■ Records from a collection
__________________________________________________
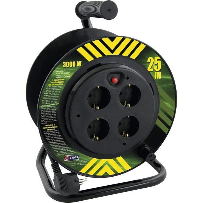 Enrouleur de câble - emos - 25 m - 4 prises schuko - 1,5 mm - intérieur ip20
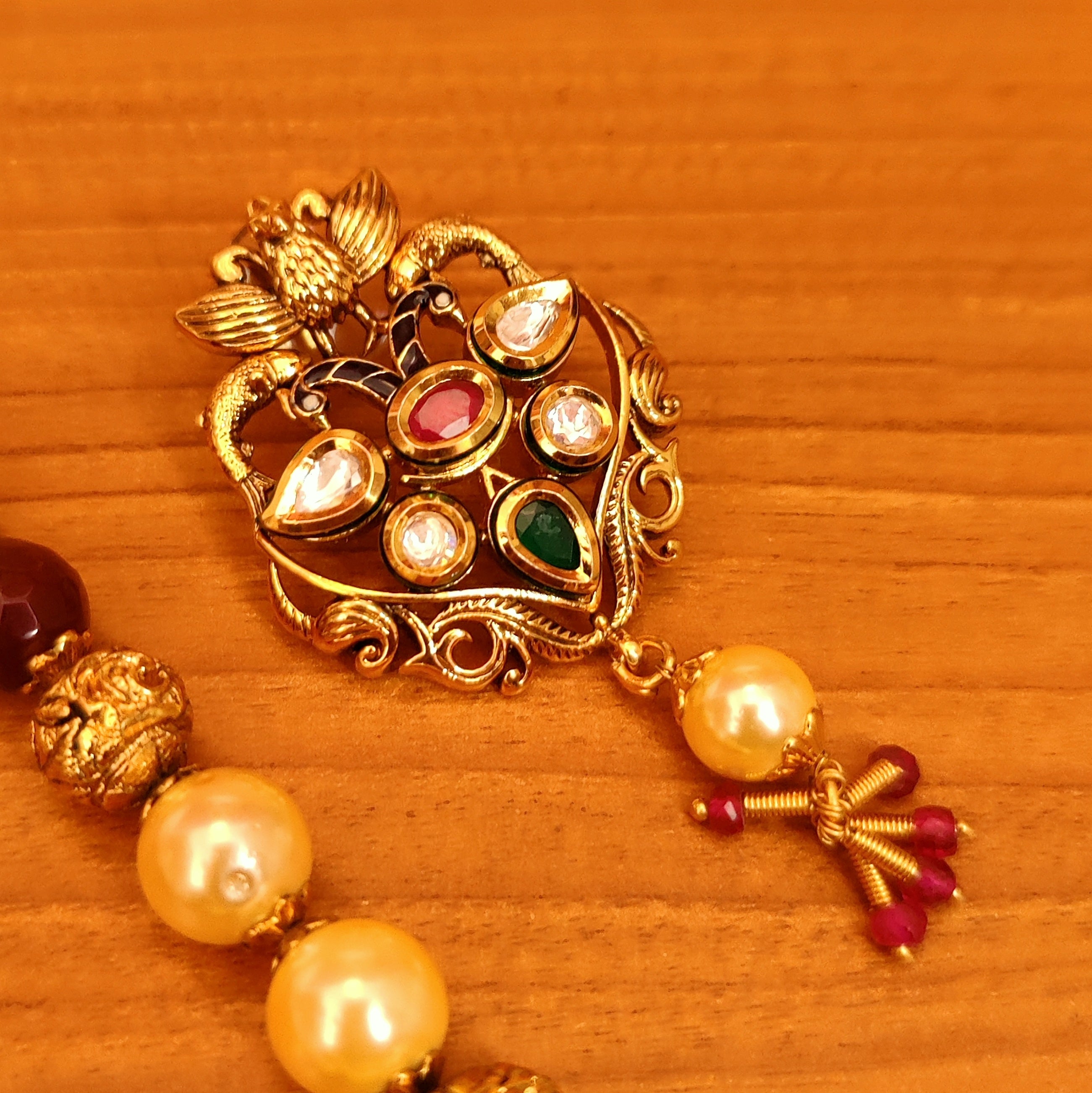 RUBY & EMERALD ANTIQUE LOOK KUNDAN PENDANT SET
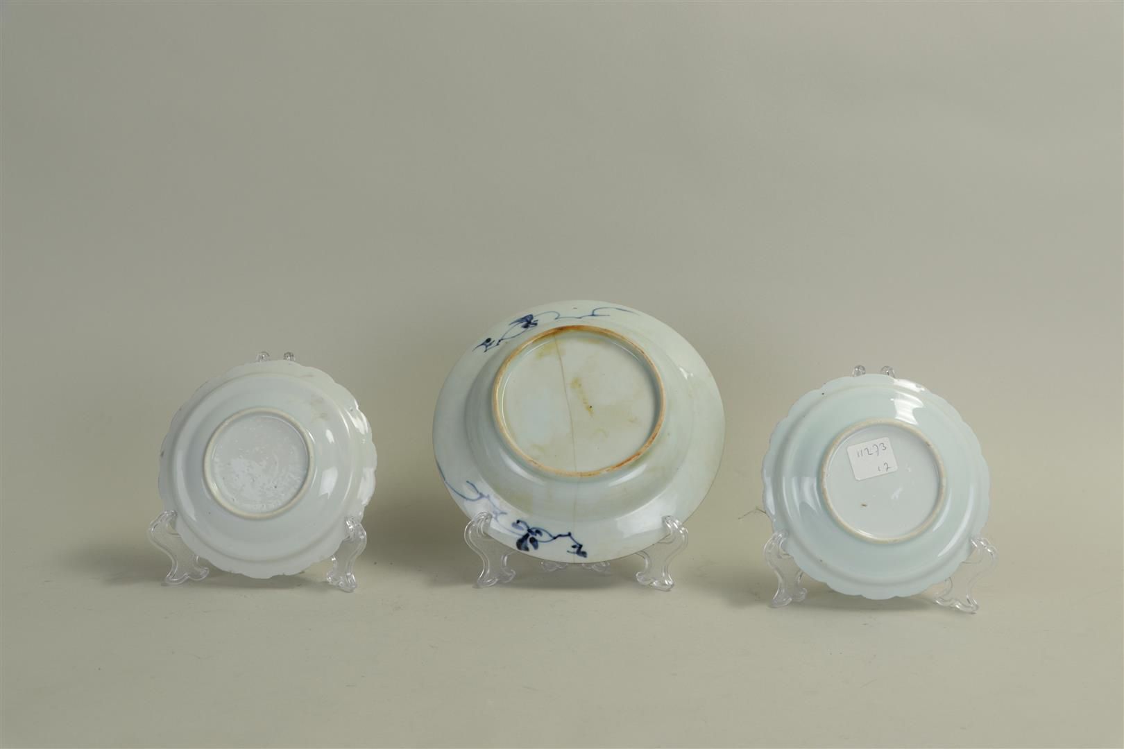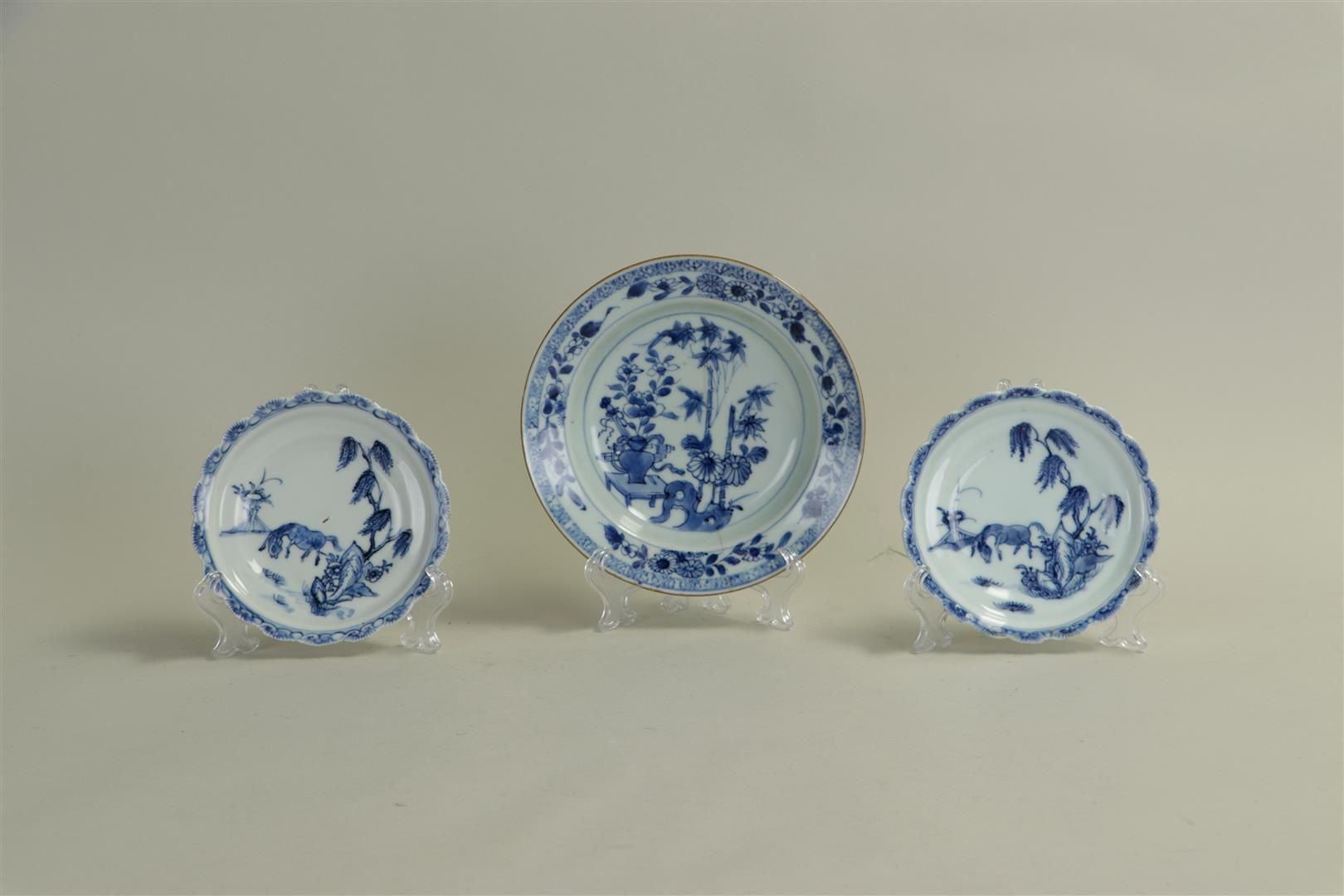 A Chinese dish, with representation of Bamboo, and antiques, China 18th century. In addition (2) plates with horse in landscape, also 18th century. Dish has hairline. First plate glued.
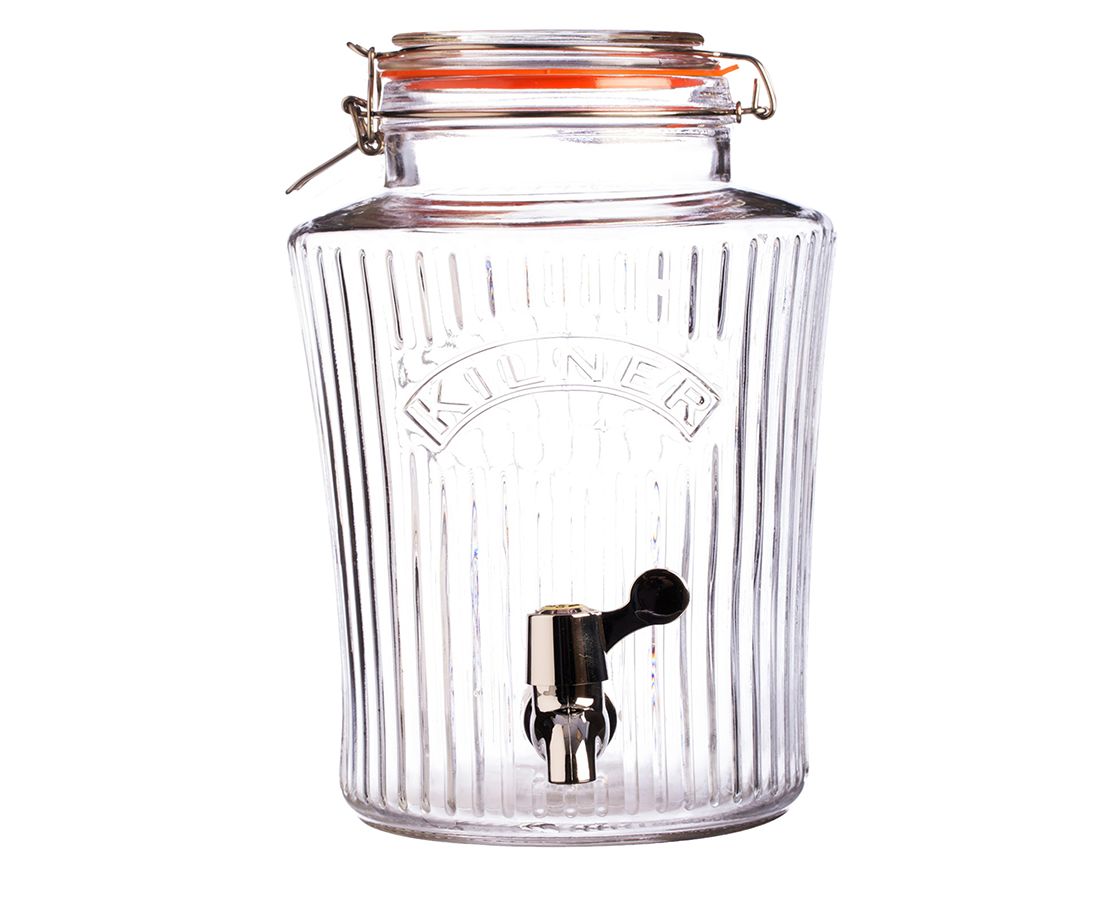 Диспенсер объёмом 8 литров незаменим для вечеринок дома или на открытом воздухе. Он отлично подойдет для сервировки любых освежающих напитков: сок, лимонад, фруктовая вода, пунш, лонг-айленд ти, мохито. , ,Диспенсер выполнен в ретро-стиле из стекла и украшен большим логотипом бренда Kilner. Он оснащен краном из нержавеющей стали и удобной плотно закрывающейся крышкой. Диспенсер для холодных напитков особенно пригодится в жаркое время года.
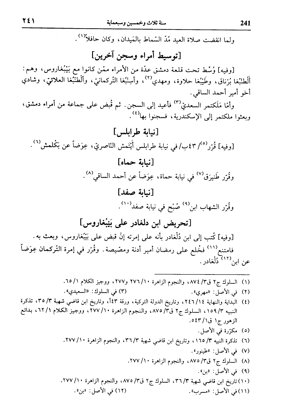 (¬4) البداية والنهاية 14/ 246، وتاريخ الدولة التركية، ورقة 43 أ، وتاريخ ابن قاضي شهبة 3/ 35، تذكرة النبيه 3/ 159، السلوك ج 2 ق 3/ 875، والنجوم الزاهرة 10/ 277، ووجيز الكلام 1/ 62، بدائع الزهور ج 1 ق 1/ 543.
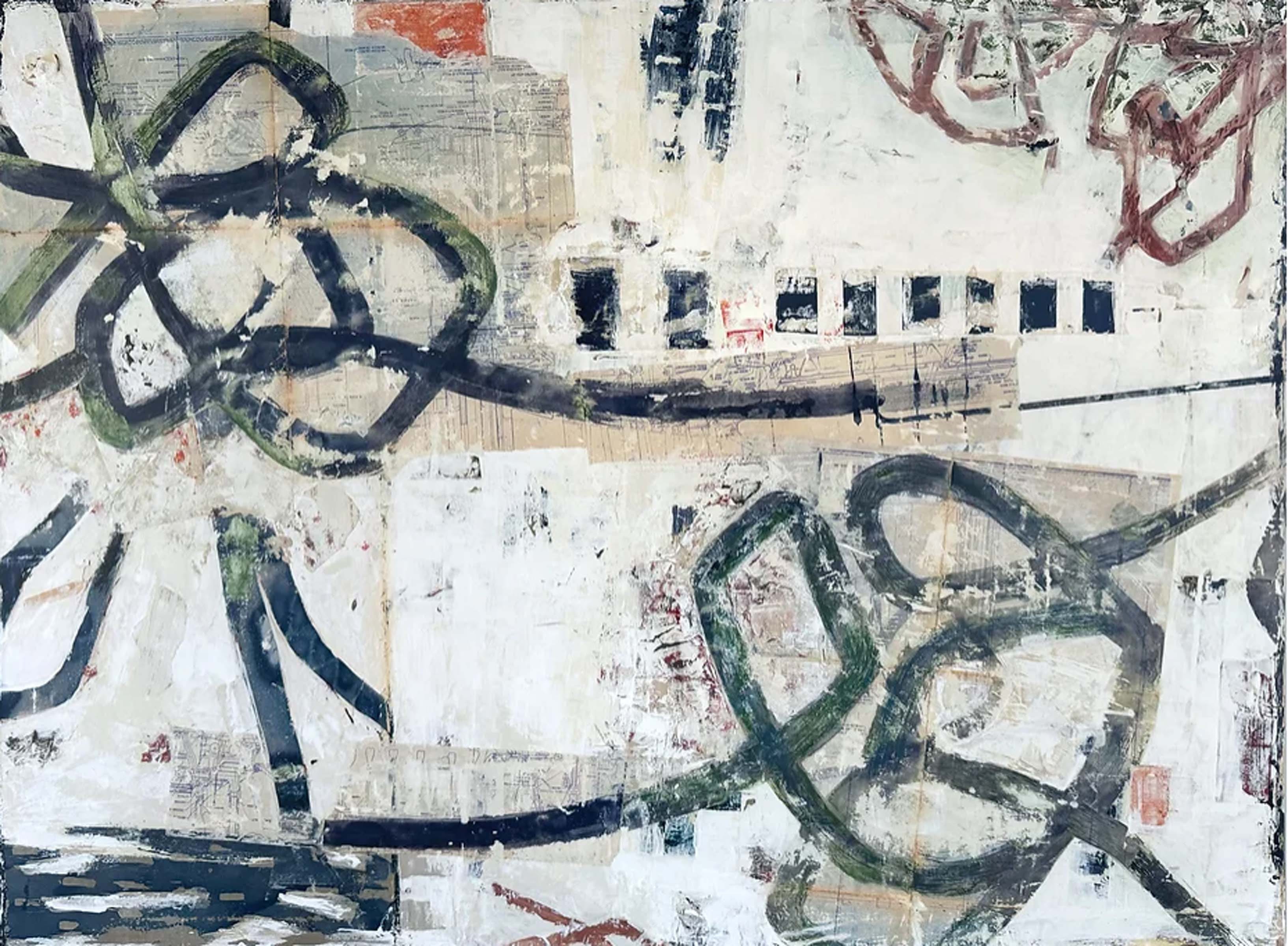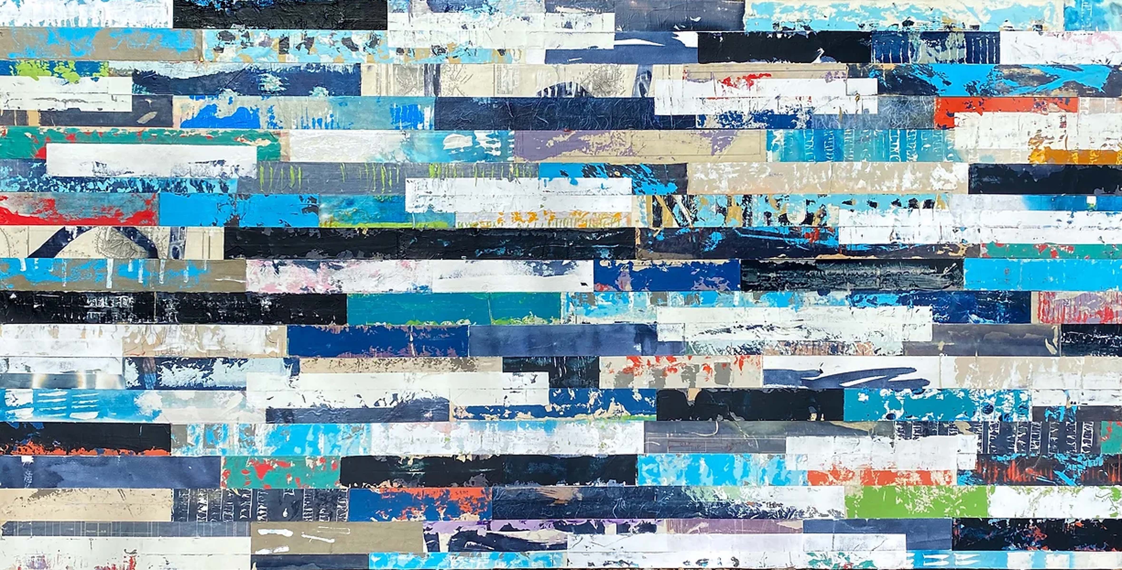 Adam Collier Noel presents works which reflect upon the flatness of the paint by using smears and textured layers. The paintings may come off as vintage and build upon color field painting of the 1970’s, abstract expressionism of the 1950’s, and pop art from the 1960’s. Pop art aesthetics can be found in the use of texts, numbers, and collaged found paper, while color field influences could be found in the almost monochromatic execution of some of the pieces along with patterned color, while abstract expressionism becomes reflected through the non-objectivity and erratic palette knife work in the art. With a sense of intuition and relationship with the paint and surface of the canvas, Adam Collier Noel creates presentations of deep contemporary aesthetics and integrative design principles.
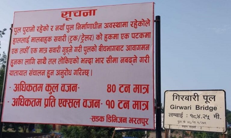 नवलपरासी – गिरुवारी खोला र अरुणखोला पुलमा ४० टनभन्दा बढी भारवहन क्षमता भएका गाडी चलाउन रोक लगाइएको छ । सडक डिभिजन कार्यालय भरतपुरले पुलहरू जीर्ण बनेको र नयाँ पुल निर्माणाधीन भएकाले सुरक्षाको हिसाबले यस्तो गरिएको जनाएको छ ।
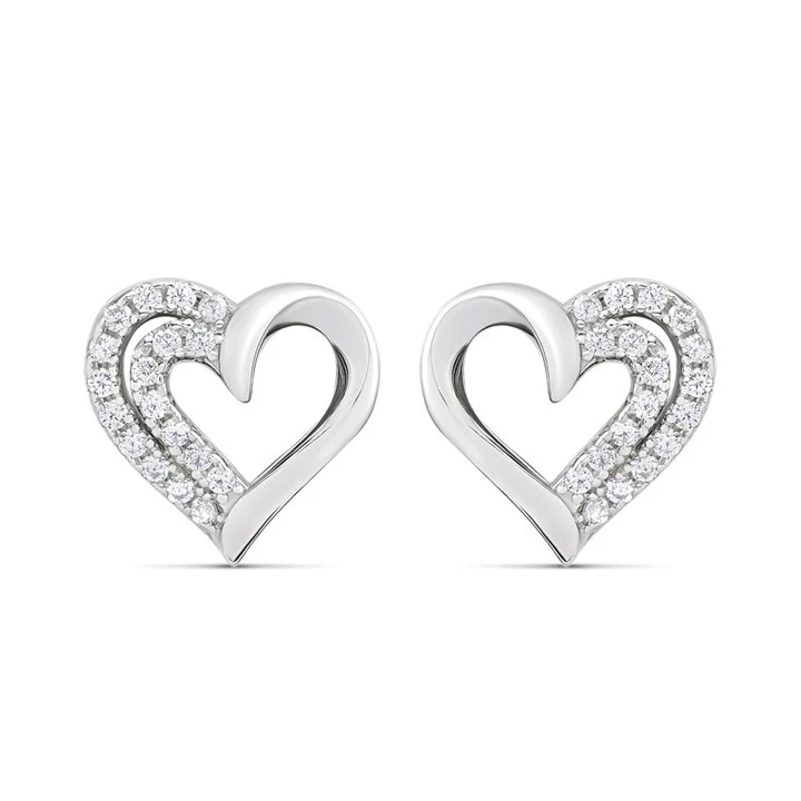 Briolette Silver CZ Heart Stud Earrings - J77173
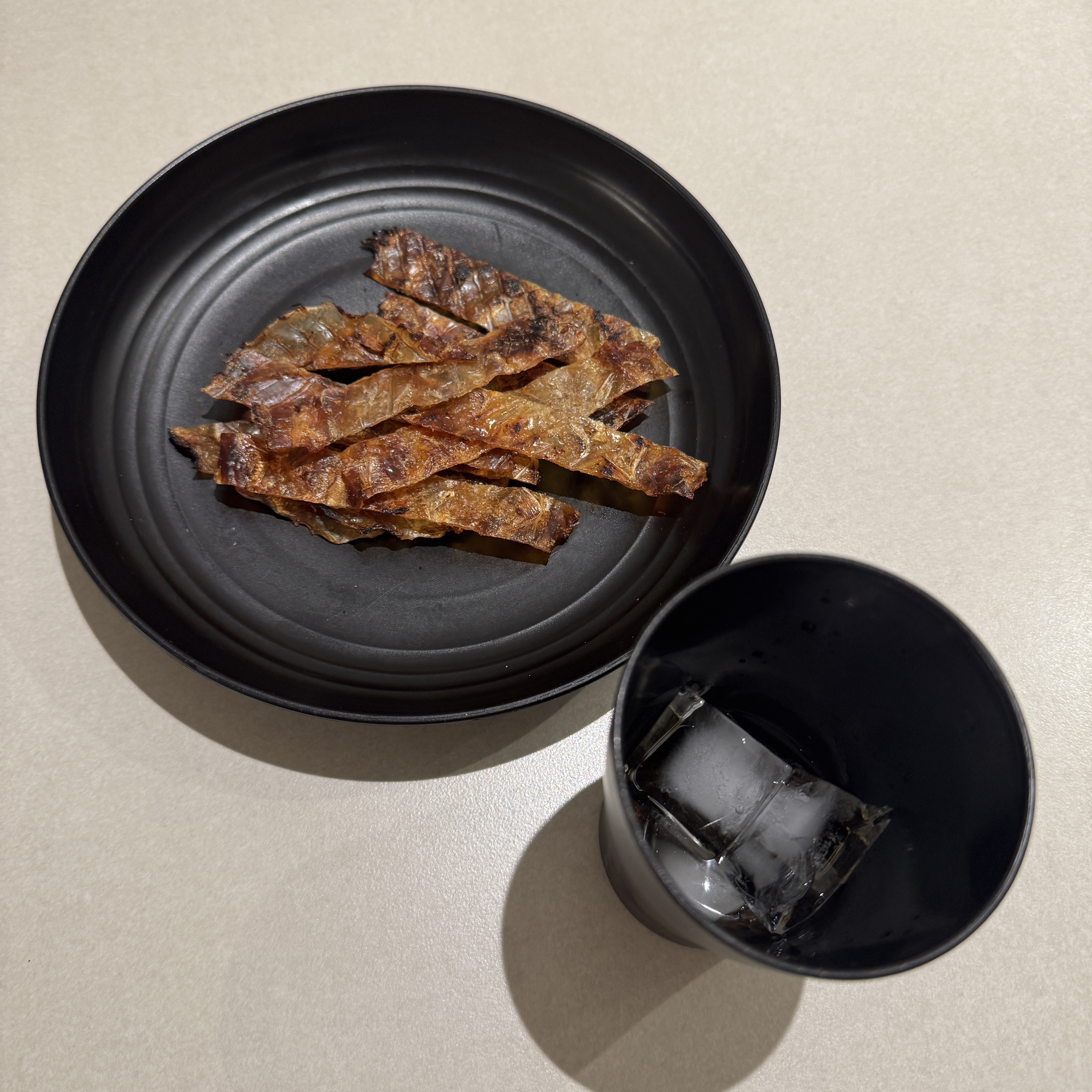 주말이라 생각나서 쥐포를 안주 삼아(뭔가 안 어울리는 듯) 언더락으로 한 잔 마시면서 노트북으로 이것 저것 정리했네. 유리잔은 사뒀지만 테무에서 사서 아직 배송중이라. 여튼 저거 다 마시고 나면 담번에는 좀 좋다고 하는 술을 하나 사봐야겠다. 다 마시면 또 다른 술 사고. 아마 1년에 한 병 살까 싶다.
__________________________________________________
■ WHAT TO DO
Write out the data word for word, with every picture dropped.

■ SOLUTION TO THIS PROBLEM
 Enrouleur de câble - emos - 25 m - 4 prises schuko - 1,5 mm - intérieur ip20
 RUBY & EMERALD ANTIQUE LOOK KUNDAN PENDANT SET
 A Chinese dish, with representation of Bamboo, and antiques, China 18th century. In addition (2) plates with horse in landscape, also 18th century. Dish has hairline. First plate glued.
 Диспенсер объёмом 8 литров незаменим для вечеринок дома или на открытом воздухе. Он отлично подойдет для сервировки любых освежающих напитков: сок, лимонад, фруктовая вода, пунш, лонг-айленд ти, мохито. , ,Диспенсер выполнен в ретро-стиле из стекла и украшен большим логотипом бренда Kilner. Он оснащен краном из нержавеющей стали и удобной плотно закрывающейся крышкой. Диспенсер для холодных напитков особенно пригодится в жаркое время года.
 (¬4) البداية والنهاية 14/ 246، وتاريخ الدولة التركية، ورقة 43 أ، وتاريخ ابن قاضي شهبة 3/ 35، تذكرة النبيه 3/ 159، السلوك ج 2 ق 3/ 875، والنجوم الزاهرة 10/ 277، ووجيز الكلام 1/ 62، بدائع الزهور ج 1 ق 1/ 543.
 Adam Collier Noel presents works which reflect upon the flatness of the paint by using smears and textured layers. The paintings may come off as vintage and build upon color field painting of the 1970’s, abstract expressionism of the 1950’s, and pop art from the 1960’s. Pop art aesthetics can be found in the use of texts, numbers, and collaged found paper, while color field influences could be found in the almost monochromatic execution of some of the pieces along with patterned color, while abstract expressionism becomes reflected through the non-objectivity and erratic palette knife work in the art. With a sense of intuition and relationship with the paint and surface of the canvas, Adam Collier Noel creates presentations of deep contemporary aesthetics and integrative design principles.
 नवलपरासी – गिरुवारी खोला र अरुणखोला पुलमा ४० टनभन्दा बढी भारवहन क्षमता भएका गाडी चलाउन रोक लगाइएको छ । सडक डिभिजन कार्यालय भरतपुरले पुलहरू जीर्ण बनेको र नयाँ पुल निर्माणाधीन भएकाले सुरक्षाको हिसाबले यस्तो गरिएको जनाएको छ ।
 Briolette Silver CZ Heart Stud Earrings - J77173
 주말이라 생각나서 쥐포를 안주 삼아(뭔가 안 어울리는 듯) 언더락으로 한 잔 마시면서 노트북으로 이것 저것 정리했네. 유리잔은 사뒀지만 테무에서 사서 아직 배송중이라. 여튼 저거 다 마시고 나면 담번에는 좀 좋다고 하는 술을 하나 사봐야겠다. 다 마시면 또 다른 술 사고. 아마 1년에 한 병 살까 싶다.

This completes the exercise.